Он вспоминал о том, каким прекрасным актёром был Олег Даль. И моё сердце замирало, потому что я была влюблена в Олега Даля и остаюсь верной этой любви до сих пор. Влюблена в его исключительный актёрский талант, светлую недосказанность, подробную нежность, в его привязанность к Лермонтову — в судьбу, нацеленную на пропасть, сгинуть — если не на Кавказе, так на Мойке или уже в заснеженной Москве… «карету мне, карету»…
Все шестидесятые, семидесятые годы театральная каста проводила за кулисами, по кухням у друзей или в ресторанах. Они были молоды, они не хотели расставаться. У Рощина в ресторане «Пекин» был, кстати, собственный столик, за которым в течение дня обычно перебывала вся труппа. Счёт отправляли драматургу. Он бы удивился, если бы было иначе.
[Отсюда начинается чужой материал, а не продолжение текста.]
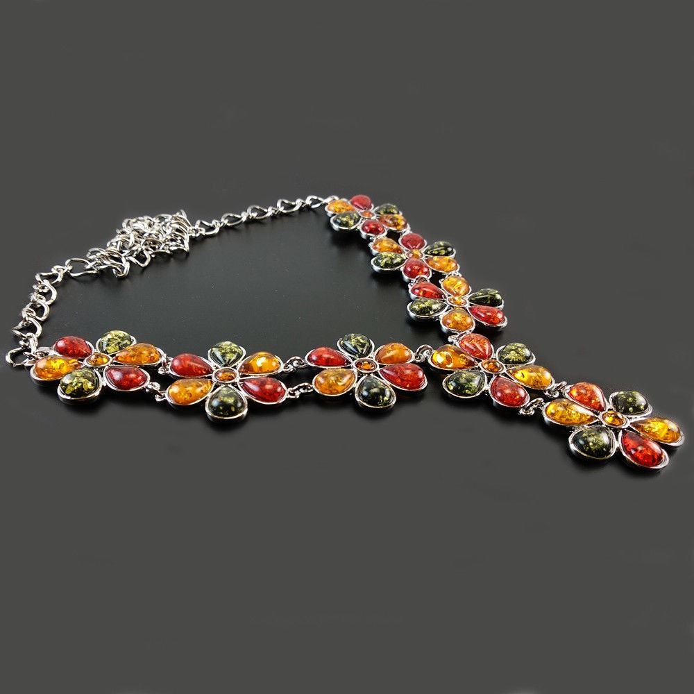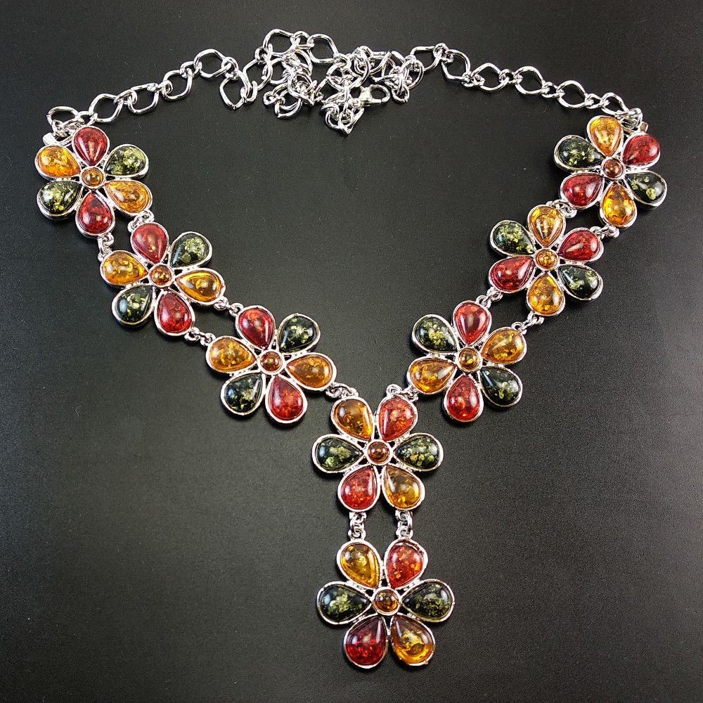 BALTIC AMBER GEMSTONE SILVER PLATED HANDMADE NECKLACE , Gemstone : Baltic Amber , Necklace Size : 18 Inches (With adjustable links) , Necklace Weight : 61.700 Gram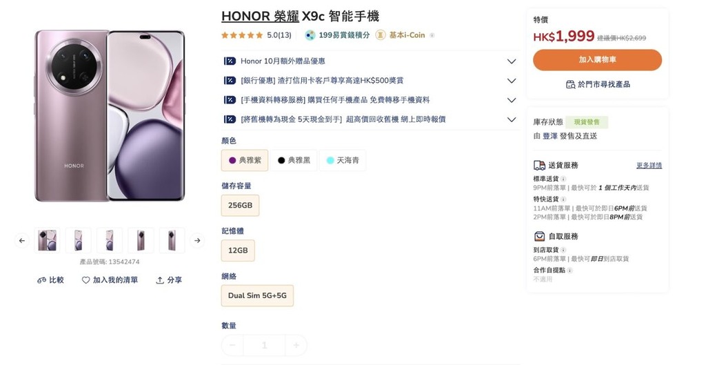是次特價由誠哥電器網店提供,優惠型號包括港版 12+256 儲存組合的典雅紫、典雅黑及天海青三色,消費者需登入易賞錢帳戶方可購買。港版 HONOR X9c 獲得 SGS 金標三防認證,具備 2 米防摔高度及 IP65M 級別防塵抗水功能。手機配備 6,600mAh 大容量電池,採用 Snapdragon 6 Gen 1 處理器,搭載 1.08 億像素 OIS 光學防手震雙鏡頭,並配備 6.78 吋 AMOLED 顯示屏。

Однажды в ресторане ВТО (в старом, до пожара, с огромными окнами в пол, выходящими на Тверскую и Страстной) в окне появился Олег Даль. МихМих сидел вместе с другими актёрами за столом как раз под этим огромным окном. Олег Даль своими журавлиными ногами легко преодолел не самый высокий бортик с улицы и шагнул прямо на белую скатерть, не залитую ещё коньяками и колами. Это было так неожиданно, так — «по-сирано», так по-актёрски. «Олежек! Олежек!» — раздалось восхищённое отовсюду. Лица сидящих за столиками озарились счастьем.
— Михал Михалыч, так за это же надо… — вставляю я свою реплику.
Реплика признаётся большинством сидящих на кухне истинно шекспировской, и под бдительно-неусыпным взором Тани, жены, бдящей меру, нам добавляют в гусь-хрустальные бокалы красного вина, и мы отщипываем ещё по куску лаваша с нежнейшим французским камамбером.
Его земная оболочка, которую он амортизировал на скоростных и сверх того оборотах, достойно служила ему достаточно долгое время и была само притяжение. В его лице, открытом и светлом, казалось, паренька с окраины, где собраны самые могучие, пышущие трубами заводы, на одном из которых он начинал учеником фрезеровщика, было нечто элитное. За такое лицо стоило заплатить, чтобы отрекламировать им зимние и летние модели швейцарских часов семейства лонжонов, снаряжение для игр всего «белого» по зелёному — гольф и поло, а также всего кожаного и серебряного, созданного дизайнерами по поводу «un vrai homme». Такому притяжению не противятся, за ним, сорвав пальтишко с вешалок,— на трамвае через весь город от мужниного стола, семьи, а то и пешком. За ним и уходили, взрывая за собой разводные мосты. А потом уходил он… «E in Spagna. E in Spagna, e in Spagna — mille e tre» («А в Испании — три тысячи»,— предупреждает Лепорелло… «mille e tre»).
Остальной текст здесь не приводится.